Given material
■ ■ ■ ■ ■

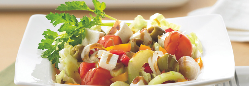 Почистваме червената и жълтата чушка от семките и ги нарязваме на половинки, а след това на кубчета. Нарязваме на половинки и чери доматите. Обелваме краставицата, нарязваме я наполовина по дължина и използваме лъжица, за да премахнем семките, за да стане като лодчица, а след това я нарязваме на филийки. Взимаме марулята, измиваме я и я нарязваме. Обелваме чесъна и лука, накълцваме чесъна и нарязваме лука на тънки пръстени. Продължаваме със сиренето като го нарязваме на кубчета. След нарязването на всички продукти, ги смесваме в по-голям съд или купа за салата и разбъркваме. За финал украсяваме със зелените маслини.
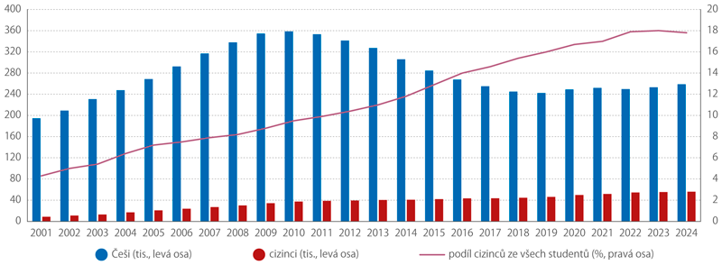 Mezi studenty vysokých škol v České republice bylo na konci roku 2024 celkem 55 996 cizinců. Jejich počet roste nepřetržitě od roku 2001, odkdy existují srovnatelné údaje. Poprvé však byl meziroční procentuální nárůst počtu vysokoškolských studentů cizí státní příslušnosti (o 1,1 %) nižší než u českých studentů (o 2,3 %). Českých studentů meziročně přibylo bezmála šest tisíc (5 709), zatímco studentů cizí státní příslušnosti zhruba šest set (613). Z tohoto důvodu mírně poklesl podíl cizinců na celkovém počtu všech studentů vysokých škol, a sice z 18,0 % na 17,8 %. Ačkoli se jedná pouze o nepatrný rozdíl, jde o první snížení podílu od roku 2001.
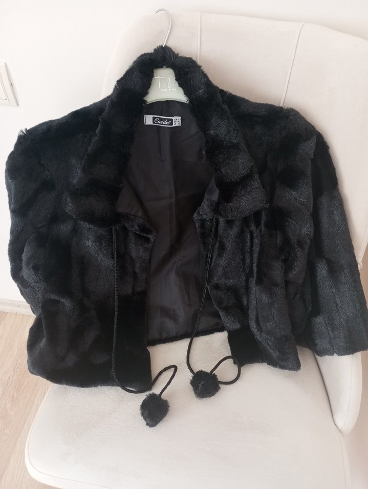 Peluş detaylı, siyah mini ceket; kısa boy, notched lapel yakalı ve bol kesimdir. Rahat fleece kumaştan, goth tarzıyla ofis için uygundur. Abiye üstüne kullanılabilecek bilerek, mini ceket
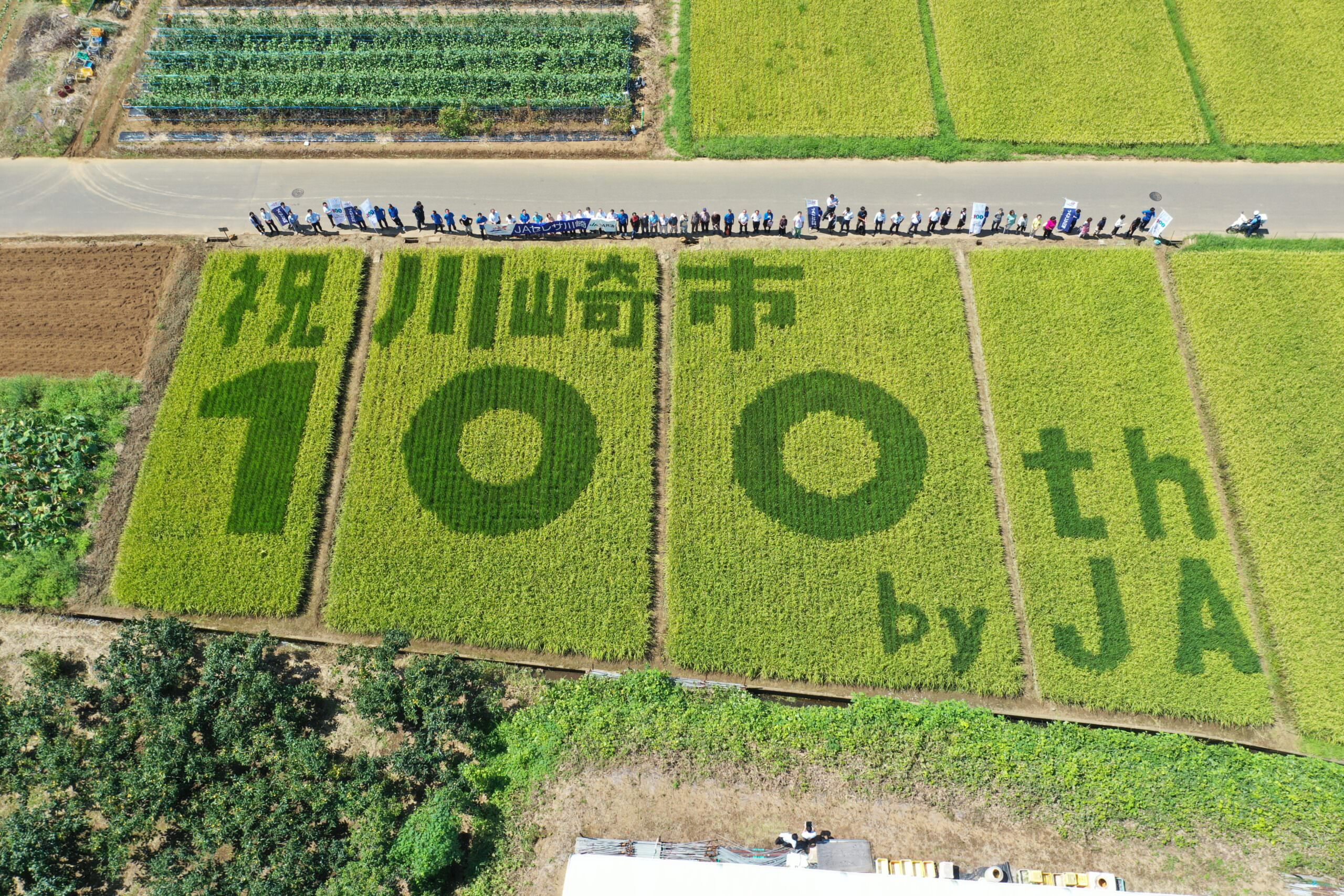 岡上の田んぼで市制100周年を大文字で表します︕田んぼアート挑戦中、その現地鑑賞会を実施します。

■ ■ ■ ■ ■

Problem statement
Your response must consist of the lines from the beginning of the data through the line containing "Peluş detaylı, siyah", transcribed exactly, with no pictures.

Solution below
 Почистваме червената и жълтата чушка от семките и ги нарязваме на половинки, а след това на кубчета. Нарязваме на половинки и чери доматите. Обелваме краставицата, нарязваме я наполовина по дължина и използваме лъжица, за да премахнем семките, за да стане като лодчица, а след това я нарязваме на филийки. Взимаме марулята, измиваме я и я нарязваме. Обелваме чесъна и лука, накълцваме чесъна и нарязваме лука на тънки пръстени. Продължаваме със сиренето като го нарязваме на кубчета. След нарязването на всички продукти, ги смесваме в по-голям съд или купа за салата и разбъркваме. За финал украсяваме със зелените маслини.
 Mezi studenty vysokých škol v České republice bylo na konci roku 2024 celkem 55 996 cizinců. Jejich počet roste nepřetržitě od roku 2001, odkdy existují srovnatelné údaje. Poprvé však byl meziroční procentuální nárůst počtu vysokoškolských studentů cizí státní příslušnosti (o 1,1 %) nižší než u českých studentů (o 2,3 %). Českých studentů meziročně přibylo bezmála šest tisíc (5 709), zatímco studentů cizí státní příslušnosti zhruba šest set (613). Z tohoto důvodu mírně poklesl podíl cizinců na celkovém počtu všech studentů vysokých škol, a sice z 18,0 % na 17,8 %. Ačkoli se jedná pouze o nepatrný rozdíl, jde o první snížení podílu od roku 2001.
 Peluş detaylı, siyah mini ceket; kısa boy, notched lapel yakalı ve bol kesimdir. Rahat fleece kumaştan, goth tarzıyla ofis için uygundur. Abiye üstüne kullanılabilecek bilerek, mini ceket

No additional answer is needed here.